→ Task to carry out:
Each line below from the one containing "謎1:地図の謎1付近、上総村" through the one containing "Nova ação de" should be output exactly as it stands, and no other line should appear.

→ Provided records:
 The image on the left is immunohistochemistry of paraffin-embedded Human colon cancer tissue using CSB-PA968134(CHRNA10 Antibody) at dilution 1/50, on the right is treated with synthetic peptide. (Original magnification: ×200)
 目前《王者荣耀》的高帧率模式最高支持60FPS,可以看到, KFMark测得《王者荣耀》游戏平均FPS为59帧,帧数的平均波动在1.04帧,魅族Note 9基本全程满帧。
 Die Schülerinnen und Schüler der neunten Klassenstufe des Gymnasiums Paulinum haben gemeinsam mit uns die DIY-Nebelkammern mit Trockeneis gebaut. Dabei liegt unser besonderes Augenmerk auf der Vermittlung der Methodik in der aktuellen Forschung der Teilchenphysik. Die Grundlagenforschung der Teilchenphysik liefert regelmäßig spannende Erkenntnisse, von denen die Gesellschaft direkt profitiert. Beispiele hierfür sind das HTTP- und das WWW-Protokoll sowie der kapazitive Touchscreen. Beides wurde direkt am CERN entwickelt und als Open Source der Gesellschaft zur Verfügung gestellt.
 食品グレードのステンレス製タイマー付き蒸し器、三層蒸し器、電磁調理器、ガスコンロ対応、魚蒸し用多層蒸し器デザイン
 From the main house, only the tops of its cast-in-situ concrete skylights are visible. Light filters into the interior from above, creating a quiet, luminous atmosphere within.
* * *
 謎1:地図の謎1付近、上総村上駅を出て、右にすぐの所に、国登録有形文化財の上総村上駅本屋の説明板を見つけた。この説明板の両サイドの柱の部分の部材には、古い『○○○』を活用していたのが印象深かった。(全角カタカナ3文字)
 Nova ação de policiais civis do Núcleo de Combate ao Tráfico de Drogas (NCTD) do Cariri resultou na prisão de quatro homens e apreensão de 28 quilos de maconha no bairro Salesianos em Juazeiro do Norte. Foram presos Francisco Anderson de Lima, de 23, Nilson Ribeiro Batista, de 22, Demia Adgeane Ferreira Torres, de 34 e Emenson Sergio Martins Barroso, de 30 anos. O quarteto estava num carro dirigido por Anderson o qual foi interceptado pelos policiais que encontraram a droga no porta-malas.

→ Response:
 謎1:地図の謎1付近、上総村上駅を出て、右にすぐの所に、国登録有形文化財の上総村上駅本屋の説明板を見つけた。この説明板の両サイドの柱の部分の部材には、古い『○○○』を活用していたのが印象深かった。(全角カタカナ3文字)
 Nova ação de policiais civis do Núcleo de Combate ao Tráfico de Drogas (NCTD) do Cariri resultou na prisão de quatro homens e apreensão de 28 quilos de maconha no bairro Salesianos em Juazeiro do Norte. Foram presos Francisco Anderson de Lima, de 23, Nilson Ribeiro Batista, de 22, Demia Adgeane Ferreira Torres, de 34 e Emenson Sergio Martins Barroso, de 30 anos. O quarteto estava num carro dirigido por Anderson o qual foi interceptado pelos policiais que encontraram a droga no porta-malas.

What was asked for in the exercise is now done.